■ Task ■
Set every line of the data down again exactly, and keep the pictures out.

■ Raw data ■
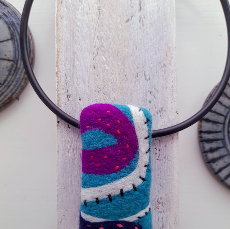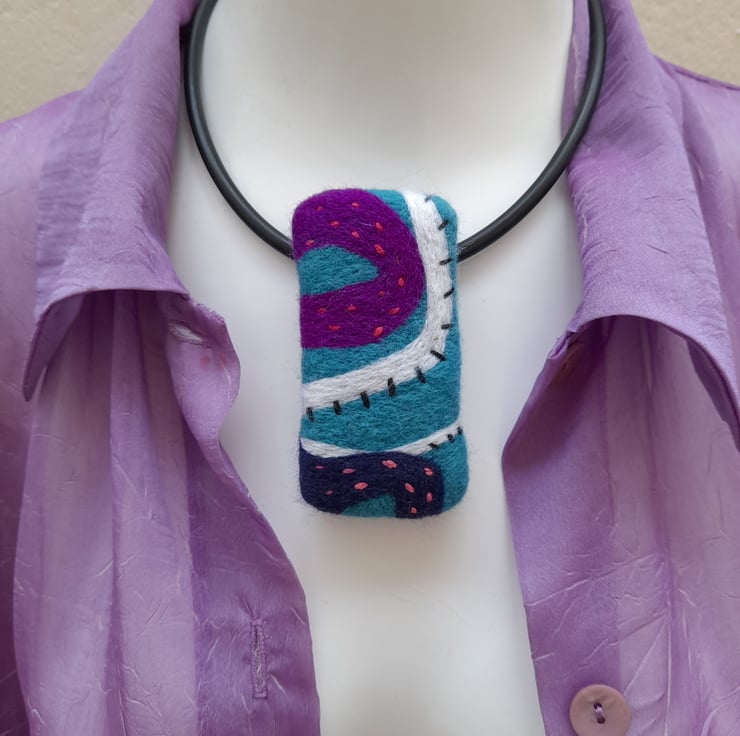 Made by Needle felting with a variety of needles over several hours with a few stitches and hand stitching on the back using manufactured felt backing.
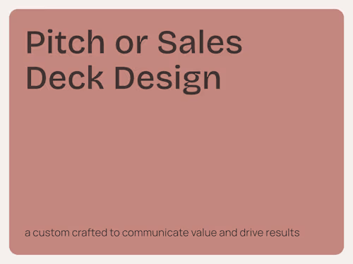 This package is $2,400 because it covers not just design, but narrative strategy, visual storytelling, copy refinement, and a polished, professional deck ready to present. For smaller needs, such as shorter decks or light design support, I can create a custom quote.
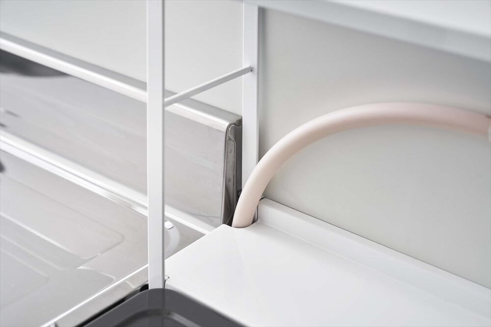 コンロ奥の隙間に置くだけ!油はねや調理汚れをしっかりガードしてくれる2段ラック。 調理道具やスパイスなどがたっぷり収納でき、ビルトインタイプのコンロ周りのラックとしても使えます。 棚板が上に開くので、設置したままガスの元栓の開閉が可能。
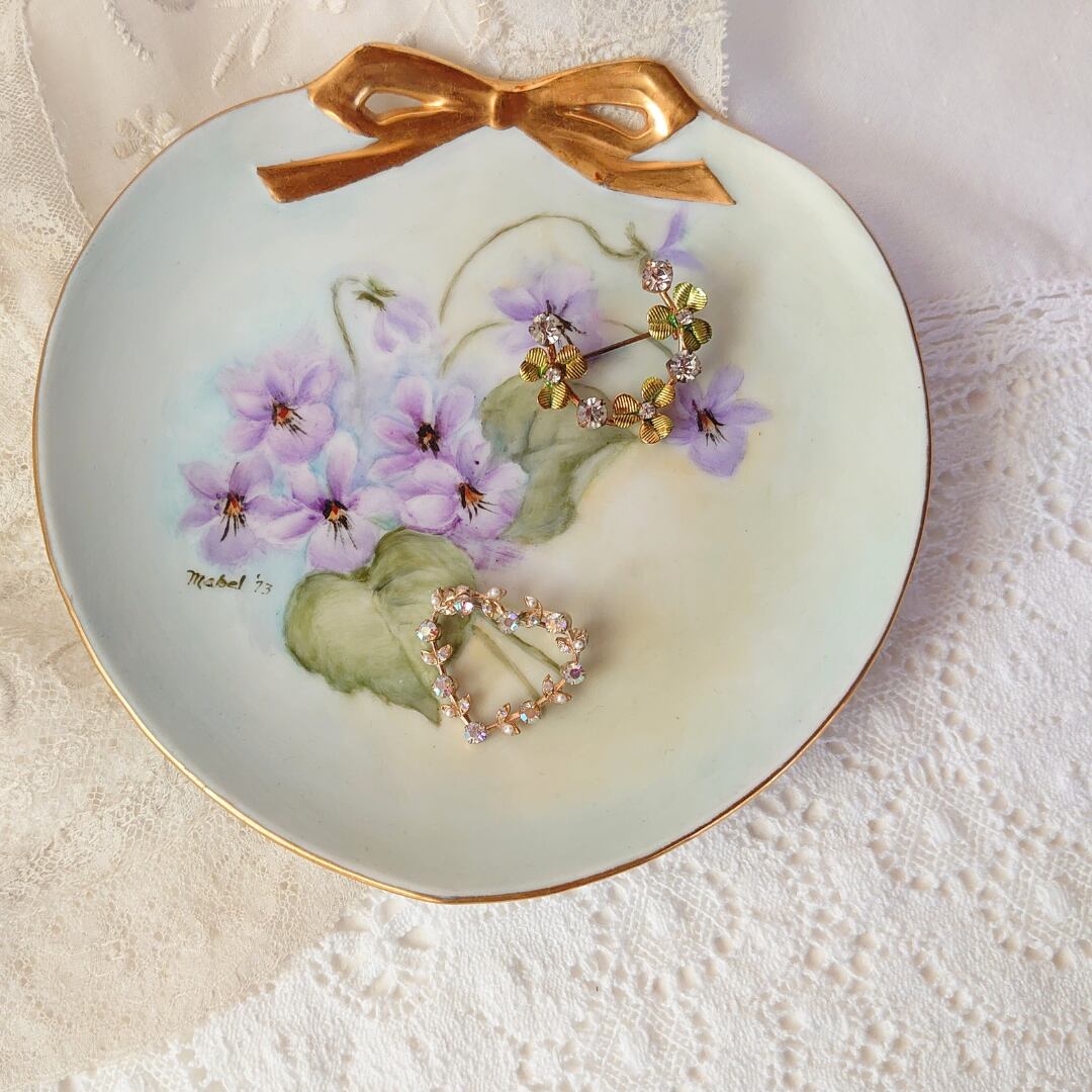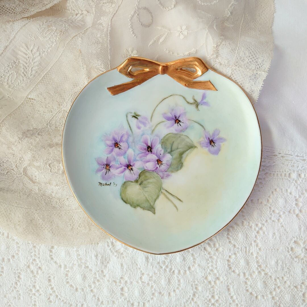 アンティーク ヴィンテージ フランス ポーセリン ジュエリートレイ 手描き スミレ すみれ

■ Result ■
 Made by Needle felting with a variety of needles over several hours with a few stitches and hand stitching on the back using manufactured felt backing.
 This package is $2,400 because it covers not just design, but narrative strategy, visual storytelling, copy refinement, and a polished, professional deck ready to present. For smaller needs, such as shorter decks or light design support, I can create a custom quote.
 コンロ奥の隙間に置くだけ!油はねや調理汚れをしっかりガードしてくれる2段ラック。 調理道具やスパイスなどがたっぷり収納でき、ビルトインタイプのコンロ周りのラックとしても使えます。 棚板が上に開くので、設置したままガスの元栓の開閉が可能。
 アンティーク ヴィンテージ フランス ポーセリン ジュエリートレイ 手描き スミレ すみれ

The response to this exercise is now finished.